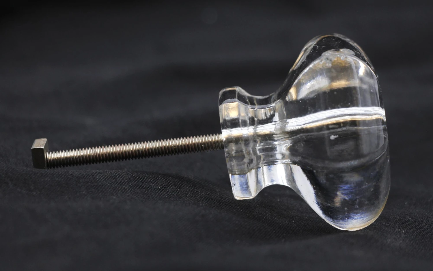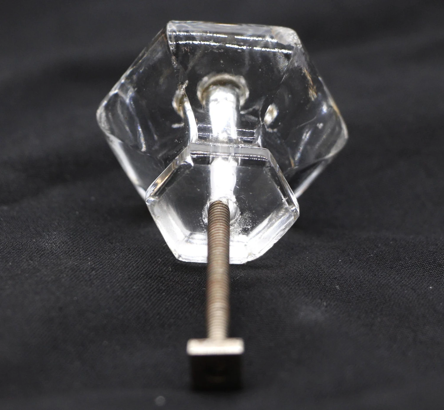 Hexagon shaped clear glass cabinet or drawer knobs. Screws included. Priced each.
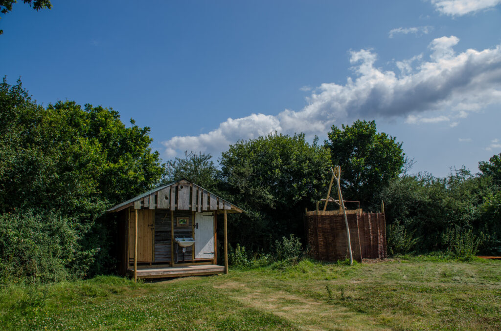 For our “Pitch your own” campers. A cosy, dry place to hunker down in the great British weather with a veranda overlooking the wildflower meadow. The perfect spot for a sundowner.
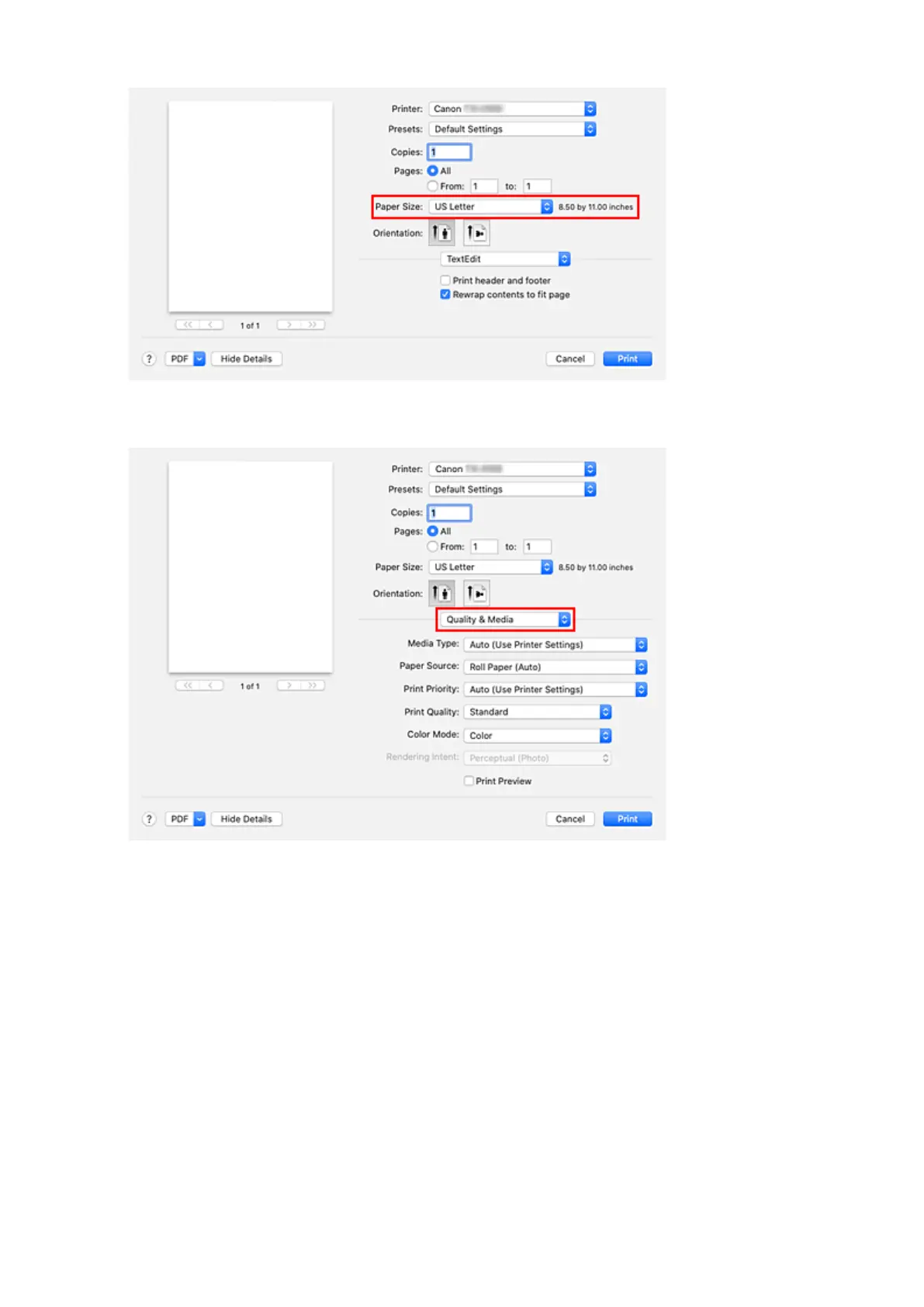 For Media Type, select the same paper type loaded in the printer.
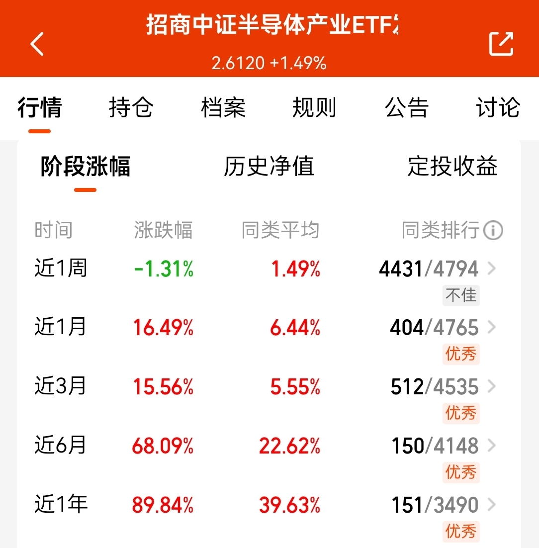 我还是更看好这支$招商中证半导体产业ETF发起式联接C$ ,跟踪半导体龙头,近半年收益68.09%,近一年已经涨了89.84%,业绩稳定性比较高,我觉得这波赚钱效应也更明显啦,这轮半导体行情值得期待!
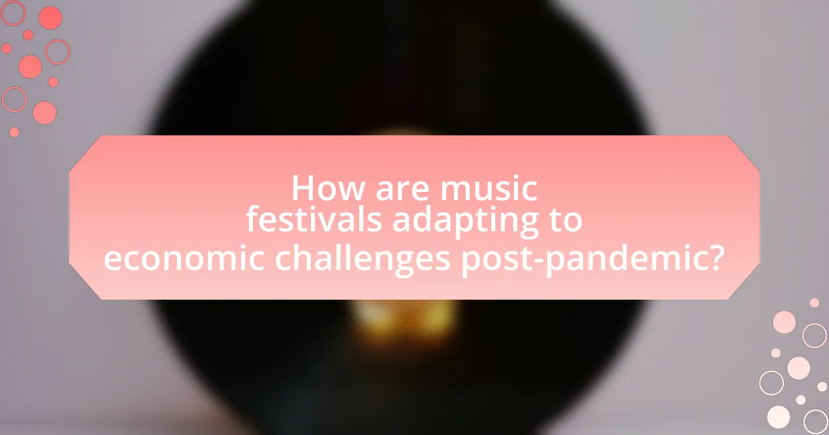 Music festivals are adapting to economic challenges post-pandemic by implementing cost-cutting measures, diversifying revenue streams, and enhancing audience engagement. Many festivals have reduced operational costs by negotiating better deals with vendors and suppliers, while others are exploring hybrid models that combine in-person and virtual experiences to reach a broader audience. For instance, festivals like Coachella have introduced live streaming options, allowing them to generate additional income from online ticket sales. Additionally, festivals are focusing on local talent and partnerships to minimize travel expenses and support community economies, which has been shown to foster stronger local attendance and loyalty.
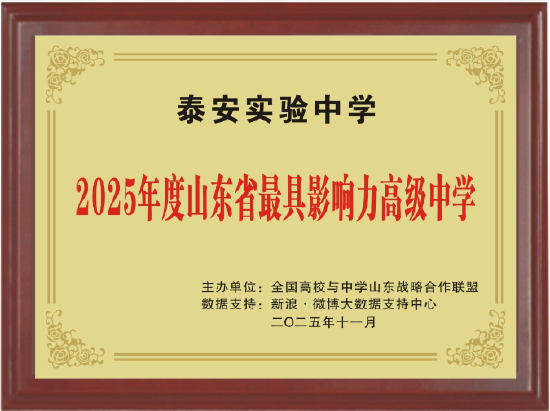 日前,2025年度山东教育盛典荣耀榜单盛大发布,泰安实验中学荣获“山东省最具影响力高级中学”奖项。
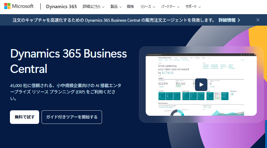 Microsoft Dynamics 365は中堅・中小企業向けの統合型ERPです。
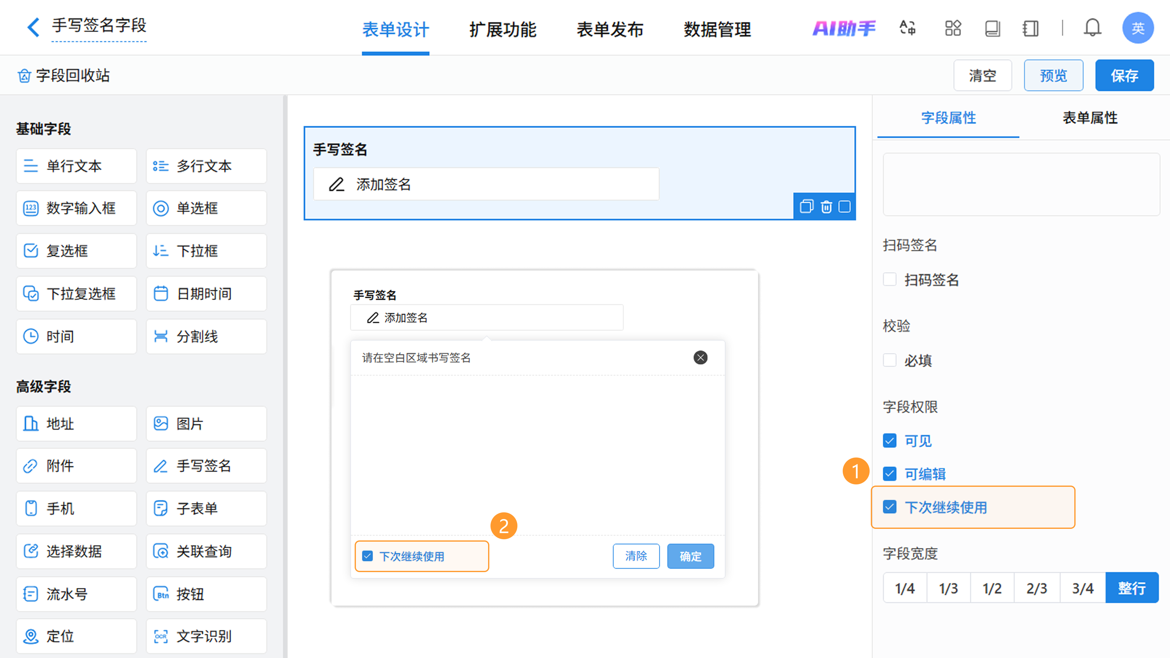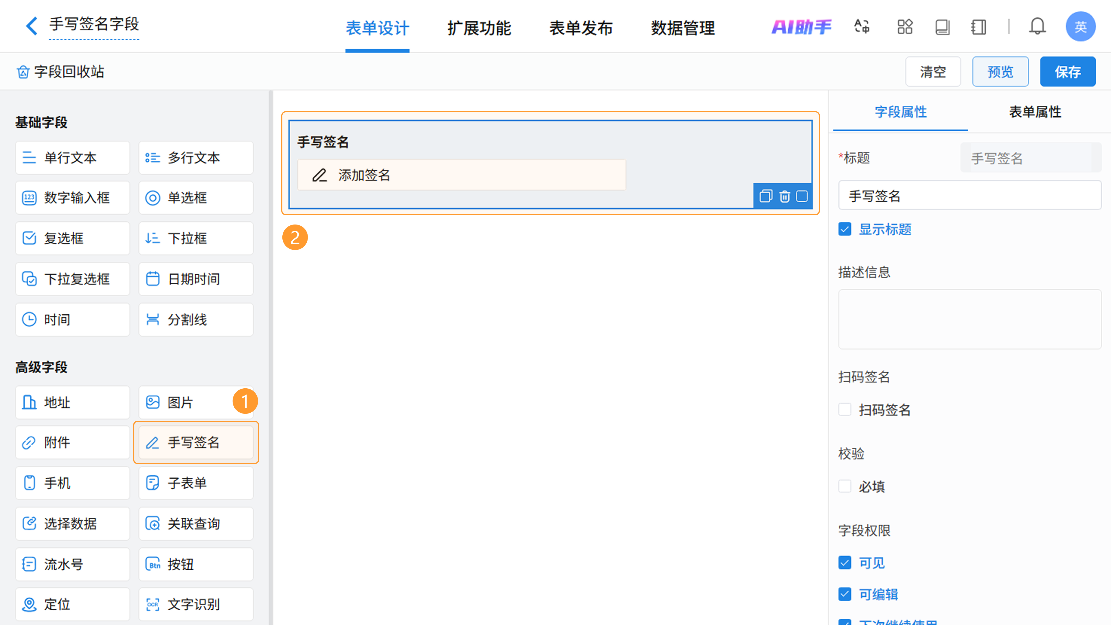 在表单设计页面,从左侧字段区拖拽或点击即可添加手写签名字段,在右侧属性区进行配置。
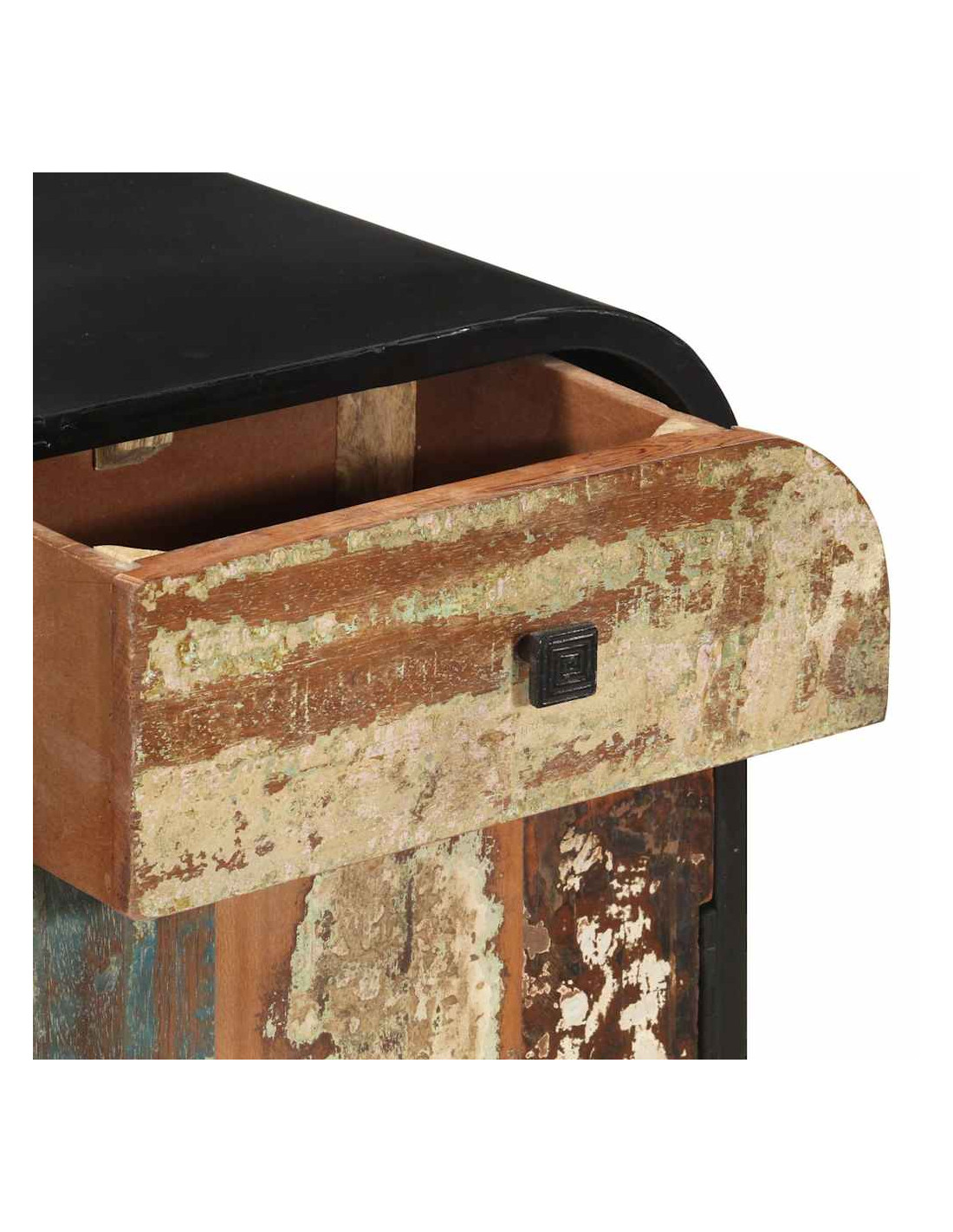 Questa credenza in stile antico e in legno di recupero, con 4 cassetti e 4 scomparti, offre ampio spazio per conservare gli oggetti e vi aiuta a tenerli in ordine.
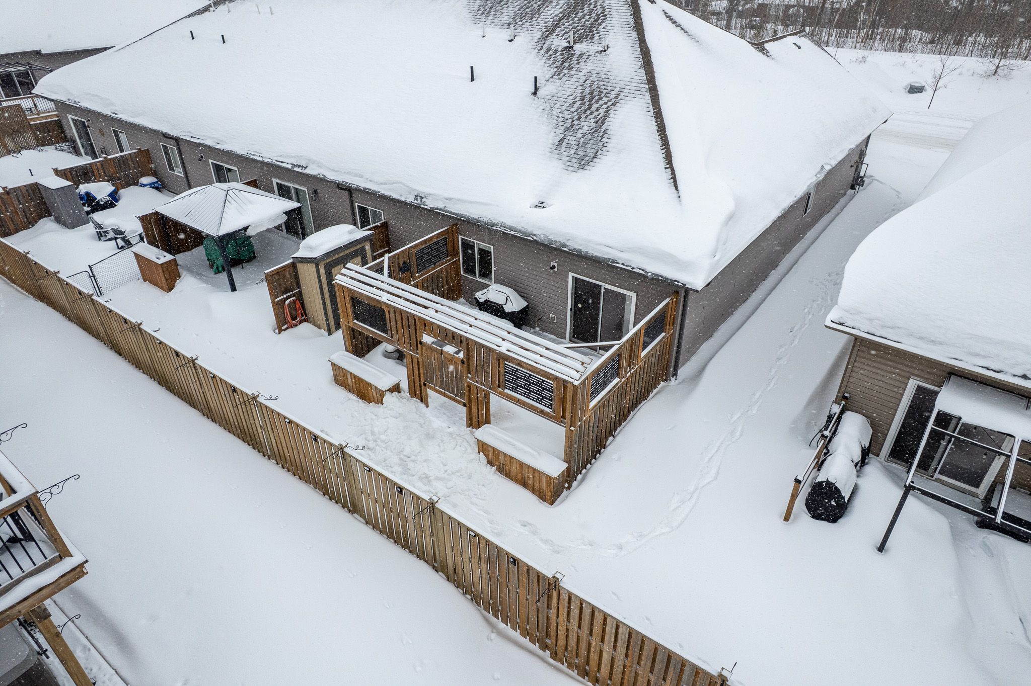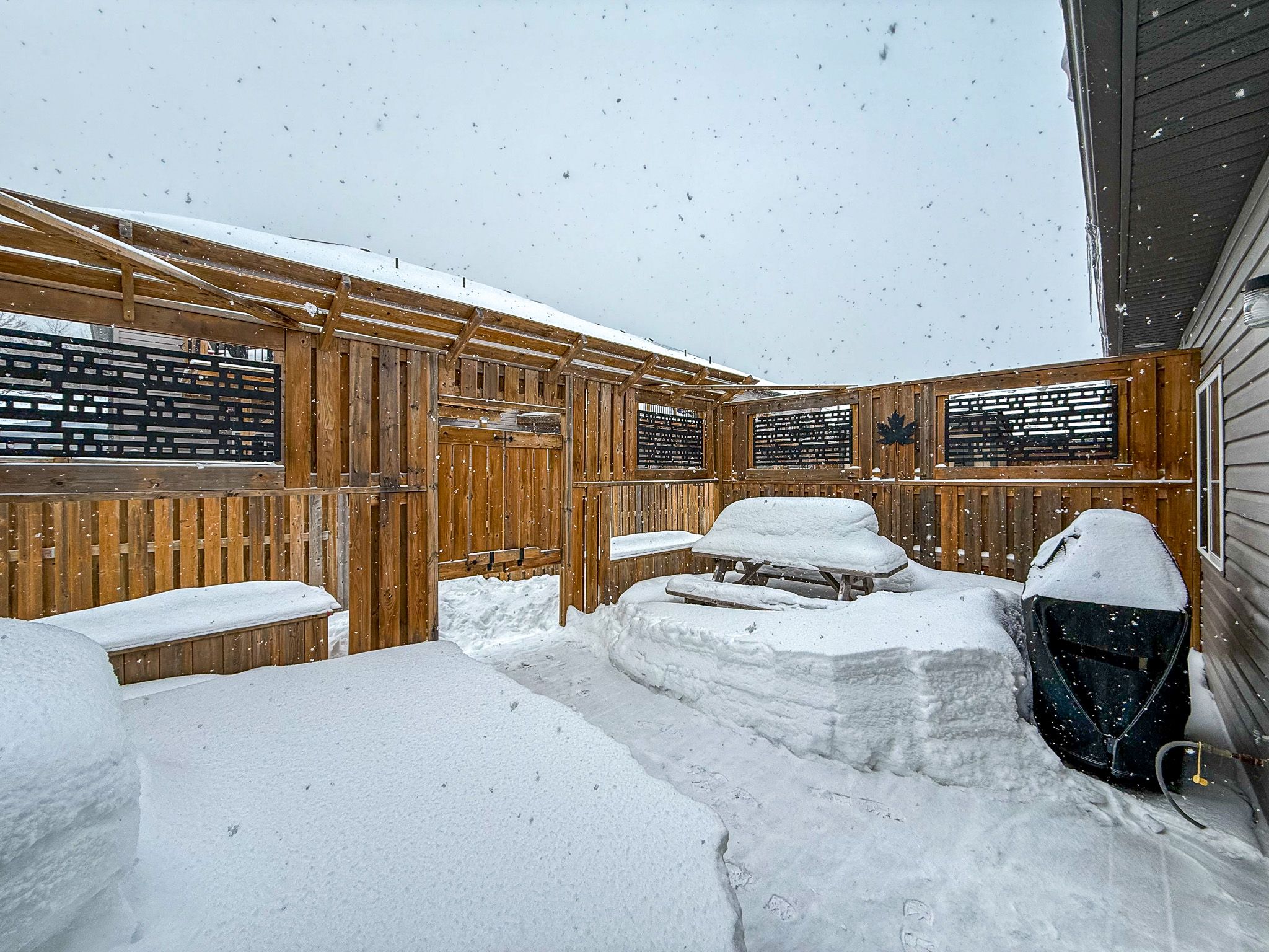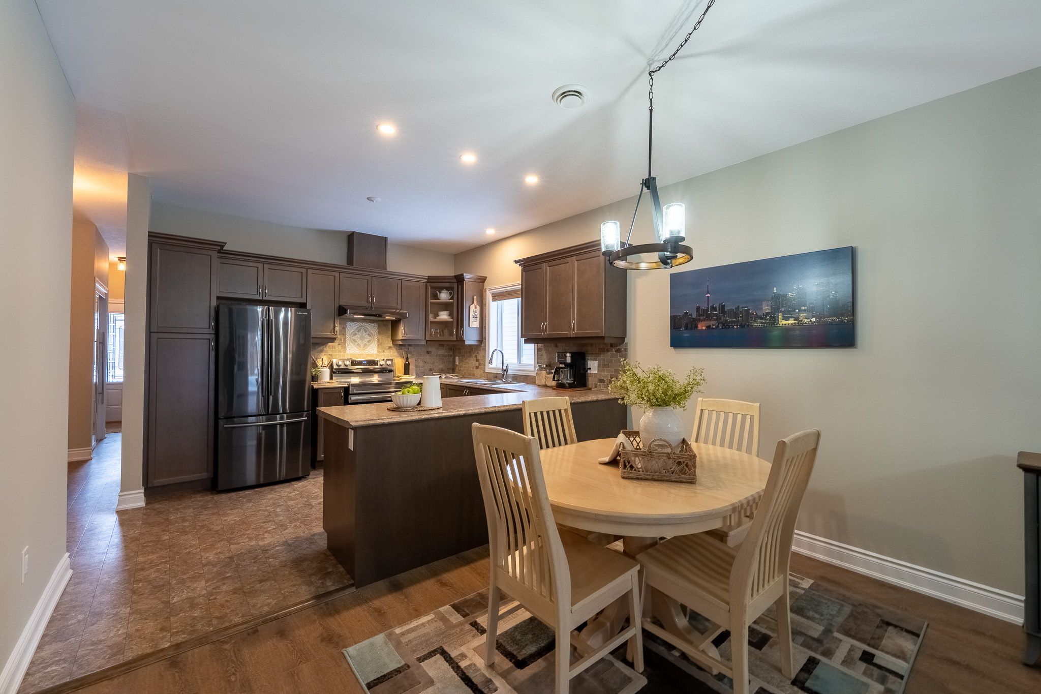 Welcome to effortless, modern living in this beautifully maintained 2018-built, one-owner home, designed for comfort, style, and ease. Offering just over 1,300 sqft of finished living space, this thoughtfully upgraded home is ideal for anyone seeking one-level living - perfect for retirees, down-sizers, or anyone happily done with stairs. Step inside to discover wide plank flooring, upgraded light fixtures, and pot lights throughout, creating a bright and inviting atmosphere. The kitchen is a standout, featuring upgraded cabinetry and appliances, making everyday living and entertaining a pleasure. Enjoy seamless indoor-outdoor living with a sliding door walkout to an impressive back deck, complete with enhanced privacy screening, upgraded fencing, and a natural gas bbq hookup - perfect for relaxing evenings or hosting friends and family. Stylish, low-maintenance, and move-in ready, this home delivers modern convenience with timeless appeal. A rare opportunity to enjoy easy access living without compromising on quality or design-this is one you won't want to miss.

**TASK DESCRIPTION**
With the pictures left out, write out exactly the lines above from the one containing "日前,2025年度山东教育盛" through the one containing "Questa credenza in".

**EXPECTED ANSWER**
 日前,2025年度山东教育盛典荣耀榜单盛大发布,泰安实验中学荣获“山东省最具影响力高级中学”奖项。
 Microsoft Dynamics 365は中堅・中小企業向けの統合型ERPです。
 在表单设计页面,从左侧字段区拖拽或点击即可添加手写签名字段,在右侧属性区进行配置。
 Questa credenza in stile antico e in legno di recupero, con 4 cassetti e 4 scomparti, offre ampio spazio per conservare gli oggetti e vi aiuta a tenerli in ordine.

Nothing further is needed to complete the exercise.